Henry Paulson, along with the entire administration, continues to be optimistic about the economy. Last week the GDP number for Europe showed that Europe is definitely struggling, which helped push up the dollar against the euro later in the week. Paulson said, "Our long-term fundamentals compare favorably with other countries, and that will be reflected in the value of our currency,"
What Paulson is saying is that our economy is in the toilet, but because other nations are also struggling, we are at least holding our own. Is this what he means by having a strong dollar policy? The dollar rally last week really has nowhere to go. The dollar is briefly gaining against the euro because they are also struggling, but Europe and Asia do not have a negative saving rate and a declining housing market.

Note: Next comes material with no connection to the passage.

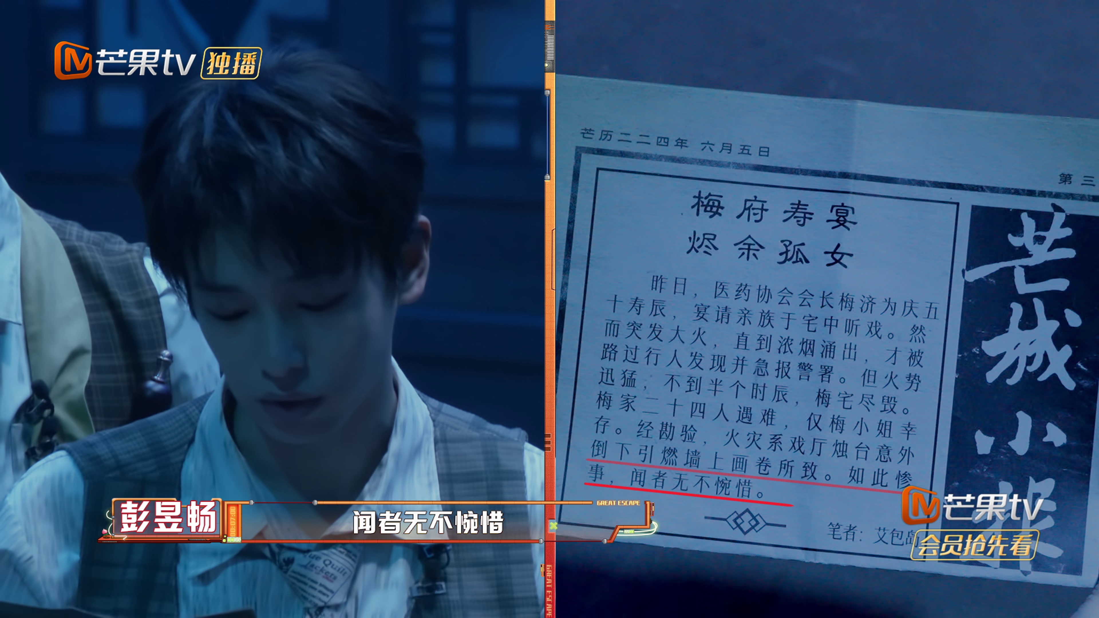 ◎简 介 大型益智类实景解密真人秀节目,本季以“生存者季”为概念主题,通过构建更具挑战难度和危机感的场景,搭配创新的玩法机制,使得每期能够成功逃脱的人数充满不确定性。置身其中,嘉宾们需调动全部的勇气、智慧与潜能,在艰难探索与决策过程中,不断突破自身局限,实现自我超越。

Their biggest problem is rising food costs, which is due to rising oil cost – which is primarily due to the weak dollar. Therefore, once they realize that the America Federal Reserve monetary policy is behind global rising food costs, they will look for other currencies to protect their wealth – and will push even harder to replace the dollar as the World Reserve Currency uses to buy/sell oil.
The World is Full of Dollars
The problem is that the world is full of dollars, as nearly two-thirds of the dollars in circulation are used outside the US. Last week’s dollar rally was not based on fundamental strength in the US economy. We still have a 9 trillion dollar national debt, 60 billion per month trade deficit, a falling housing market and consumers are swimming in debt up to their eyeballs.
The coming recession is here to stay; we haven’t turned any corners, as Paulson suggested. The government is running out of things they can do and Paulson is trying to talk us out of the recession. Talk is cheap; the facts are still in front of us. Home foreclosures are still climbing. Unemployment is still increasing and the dollar is still declining.